[Dataset records]
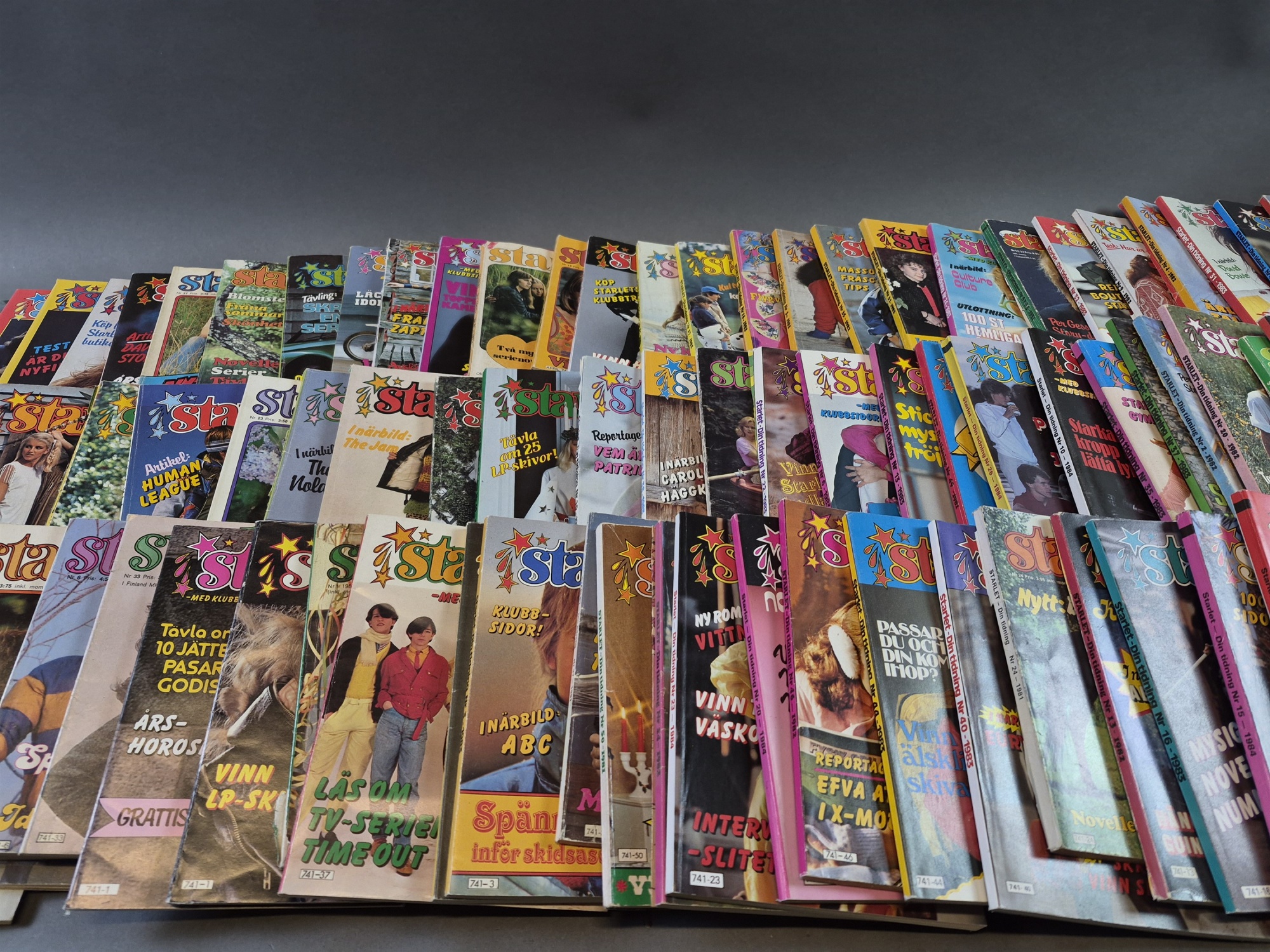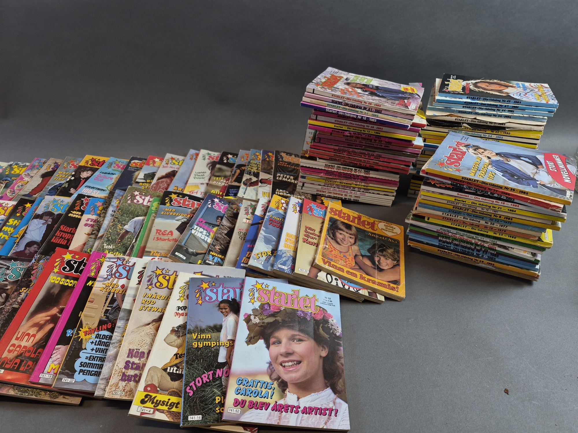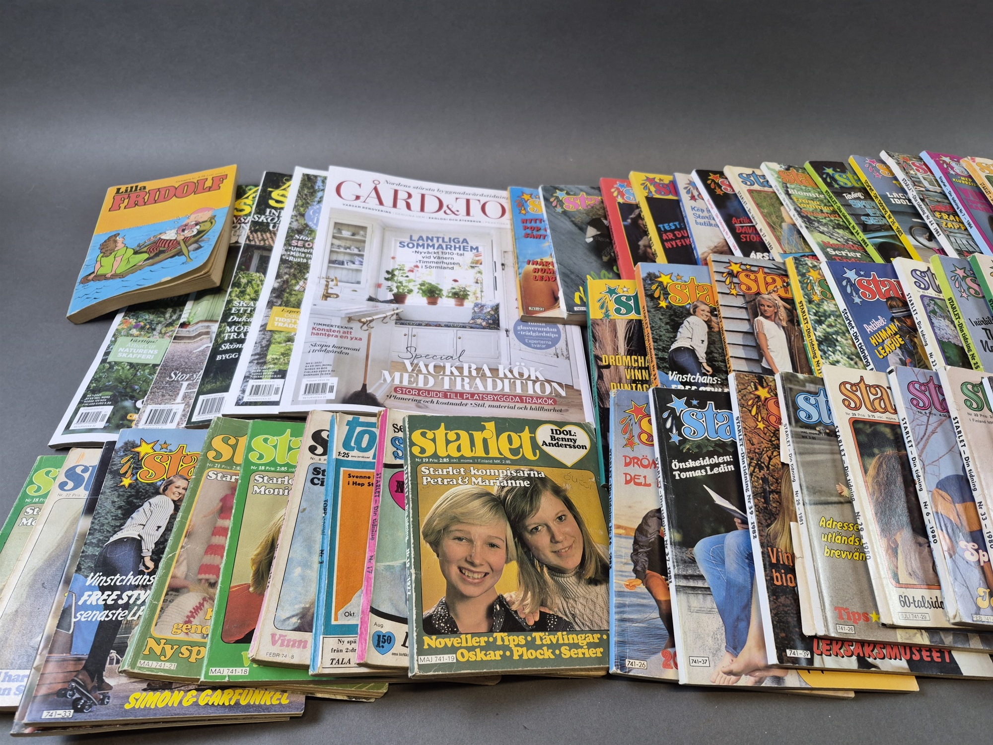 Parti Starlet tidningar, urklippta baksidor finns
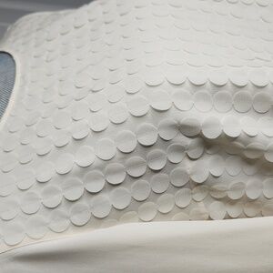 symmetrical circles of silk sewn on entire front of blouse
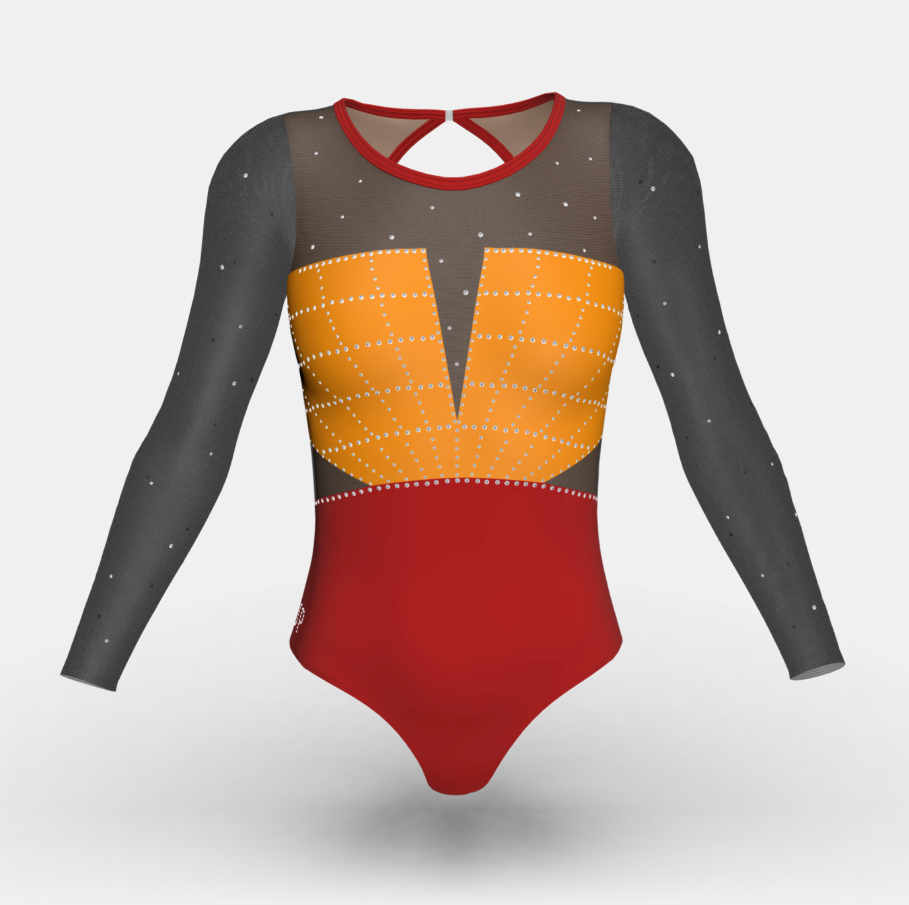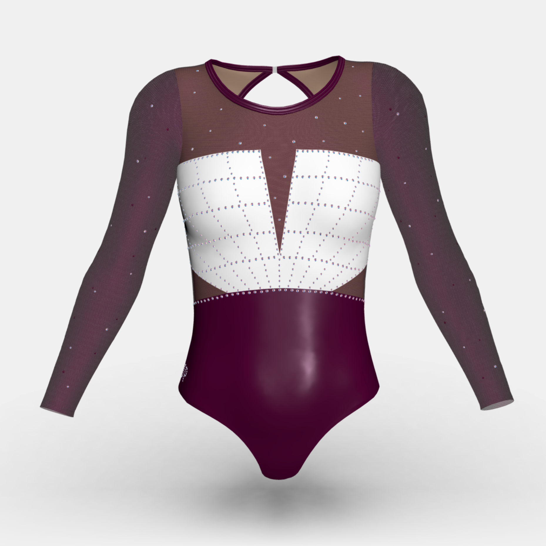 Named after one of our most experienced sewers on the production team—the Kerri design exudes high-fashion elegance on the gymnastics floor. Styled in a higher round neckline with clasp at the back, a deep V-shaped sweetheart adorns the front with side mesh cutouts.
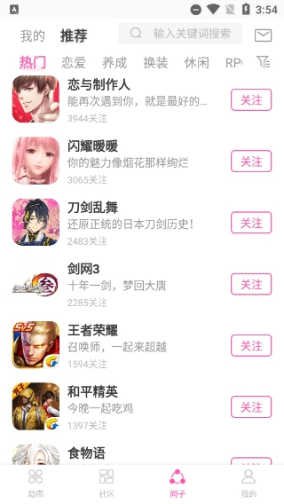 包括爱与制作人、闪耀暖暖、剑网3、王者荣耀、和平精英等多个游戏的圈子,相同的游戏爱好可以让你在此找到更多志同道合的朋友
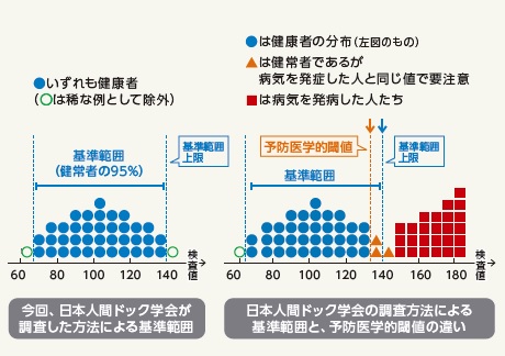 《高久日本医学会長は、通常、検査の「基準値」と言われているものには「基準範囲」と「臨床判断値」があるが、両者は意味するところが全く違っており、明確に区別すべきものであると説明した上で、先般、人間ドック学会・健保連が公表したのは「基準範囲」で、これは、多くの健常人から得られた検査値を集めて、その分布の中央95%を含む数値範囲を統計学的に算出したものであり、疾病の診断、将来の疾病発症の予測、治療の目標などの目的に使用することは難しいとの考えを示した》《「疾病の診断、将来の疾病発症の予測、治療の目標に用いられるべきは臨床判断値である」と強調した》
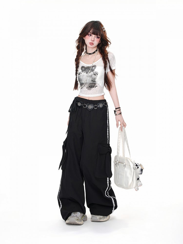 ブラウン/ホワイトのセミシアー素材で、可愛らしい子犬のグラマラスなクロップドTシャツを着て、キュートな装いを演出しましょう。遊び心のあるキュートな子犬のデザインが、セミシアー素材で華やかな印象を与えます。どんな装いにも甘さをプラスしてくれる、まさに理想の一枚です。
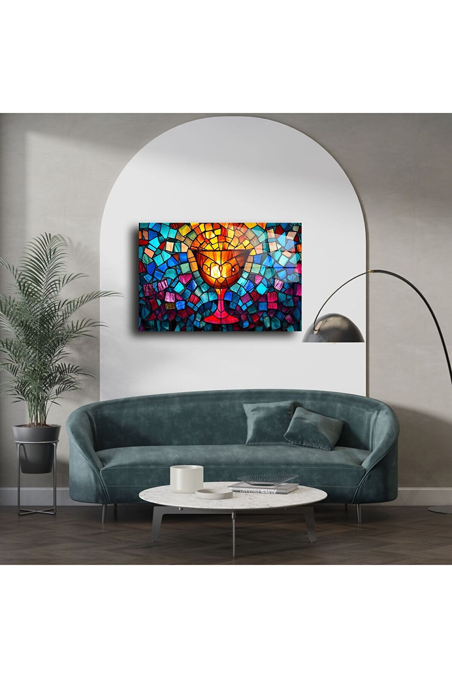 Bu zarif vitray kadeh duvar sanatıyla kutsal gelenekleri onurlandırın — canlı mavi, kırmızı ve altın tonlarında işlenmiş bir inanç ve adanmışlık sembolü. El işçiliğiyle üretilmiş mozaik tasarımı huzur ve maneviyat hissi uyandırır; her odaya spiritüel bir odak noktası kazandırmak için idealdir.

Work to be completed
Give back the records above word for word, minus any image they hold.

Answer box
 Parti Starlet tidningar, urklippta baksidor finns
 symmetrical circles of silk sewn on entire front of blouse
 Named after one of our most experienced sewers on the production team—the Kerri design exudes high-fashion elegance on the gymnastics floor. Styled in a higher round neckline with clasp at the back, a deep V-shaped sweetheart adorns the front with side mesh cutouts.
 包括爱与制作人、闪耀暖暖、剑网3、王者荣耀、和平精英等多个游戏的圈子,相同的游戏爱好可以让你在此找到更多志同道合的朋友
 《高久日本医学会長は、通常、検査の「基準値」と言われているものには「基準範囲」と「臨床判断値」があるが、両者は意味するところが全く違っており、明確に区別すべきものであると説明した上で、先般、人間ドック学会・健保連が公表したのは「基準範囲」で、これは、多くの健常人から得られた検査値を集めて、その分布の中央95%を含む数値範囲を統計学的に算出したものであり、疾病の診断、将来の疾病発症の予測、治療の目標などの目的に使用することは難しいとの考えを示した》《「疾病の診断、将来の疾病発症の予測、治療の目標に用いられるべきは臨床判断値である」と強調した》
 ブラウン/ホワイトのセミシアー素材で、可愛らしい子犬のグラマラスなクロップドTシャツを着て、キュートな装いを演出しましょう。遊び心のあるキュートな子犬のデザインが、セミシアー素材で華やかな印象を与えます。どんな装いにも甘さをプラスしてくれる、まさに理想の一枚です。
 Bu zarif vitray kadeh duvar sanatıyla kutsal gelenekleri onurlandırın — canlı mavi, kırmızı ve altın tonlarında işlenmiş bir inanç ve adanmışlık sembolü. El işçiliğiyle üretilmiş mozaik tasarımı huzur ve maneviyat hissi uyandırır; her odaya spiritüel bir odak noktası kazandırmak için idealdir.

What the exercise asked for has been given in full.